Drop every picture, then print the rest of the listing exactly as given.

## COLLECTED DATA
======
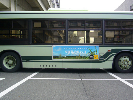 「ほぼ日手帳」の広告がついたバスが運行中です。
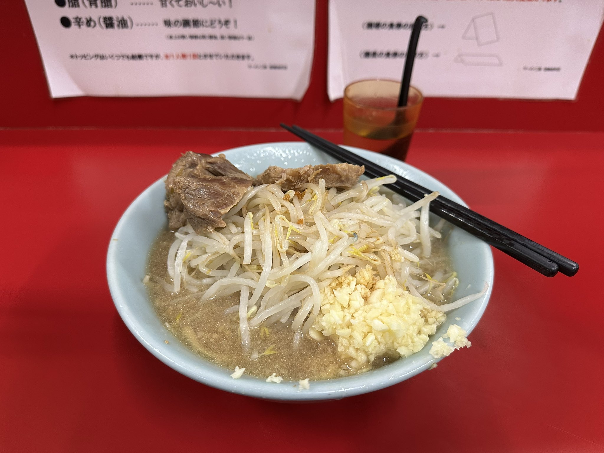 大量のもやしに大量のニンニクが乗った二郎ラーメン。かなりのカロリーで知られているが、ひろゆきは汁まで残すことなく完食していた。
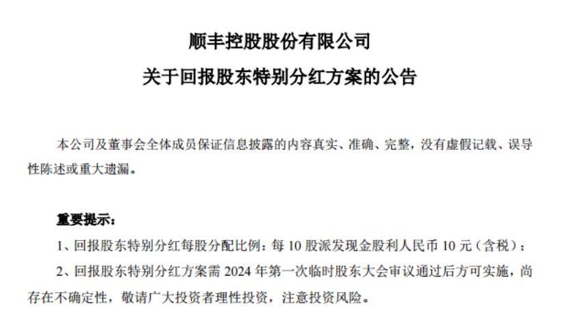 此外,顺丰控股也于10月10日晚间发布公告,表示将启动公开发行境外上市外资股(H股)股票并在香港联交所主板挂牌上市的相关工作。同时,公司还计划对全体股东实施一次性的特别现金分红,预计分红总额约为48亿元。
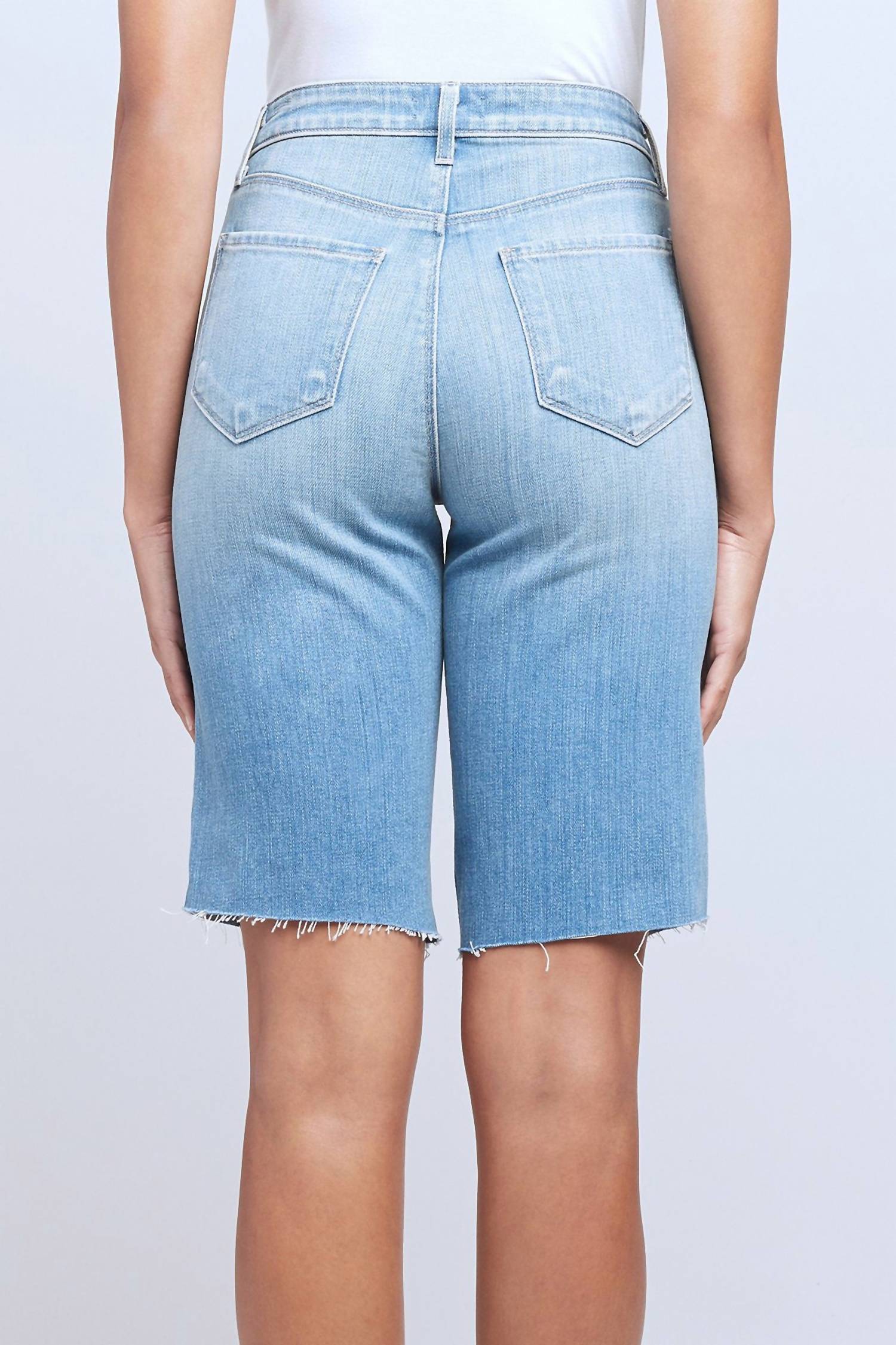 You can never have too many jean shorts and these will be your new favorites. The L'Agence Taylor High Rise Short in Ashford is a must-have for your summer wardrobe, blending style and comfort effortlessly. With a composition of 94% cotton, 5% polyester, and 1% spandex, these shorts boast a solid pattern and a cotton blend. Made in the USA, they feature a zip fly with a button closure and practical 5-pocket styling. Care instructions include machine washing, and the shorts measure approximately 53 cm in length, finished with a trendy frayed raw cut hem.
======
## WRITTEN SOLUTION
 「ほぼ日手帳」の広告がついたバスが運行中です。
 大量のもやしに大量のニンニクが乗った二郎ラーメン。かなりのカロリーで知られているが、ひろゆきは汁まで残すことなく完食していた。
 此外,顺丰控股也于10月10日晚间发布公告,表示将启动公开发行境外上市外资股(H股)股票并在香港联交所主板挂牌上市的相关工作。同时,公司还计划对全体股东实施一次性的特别现金分红,预计分红总额约为48亿元。
 You can never have too many jean shorts and these will be your new favorites. The L'Agence Taylor High Rise Short in Ashford is a must-have for your summer wardrobe, blending style and comfort effortlessly. With a composition of 94% cotton, 5% polyester, and 1% spandex, these shorts boast a solid pattern and a cotton blend. Made in the USA, they feature a zip fly with a button closure and practical 5-pocket styling. Care instructions include machine washing, and the shorts measure approximately 53 cm in length, finished with a trendy frayed raw cut hem.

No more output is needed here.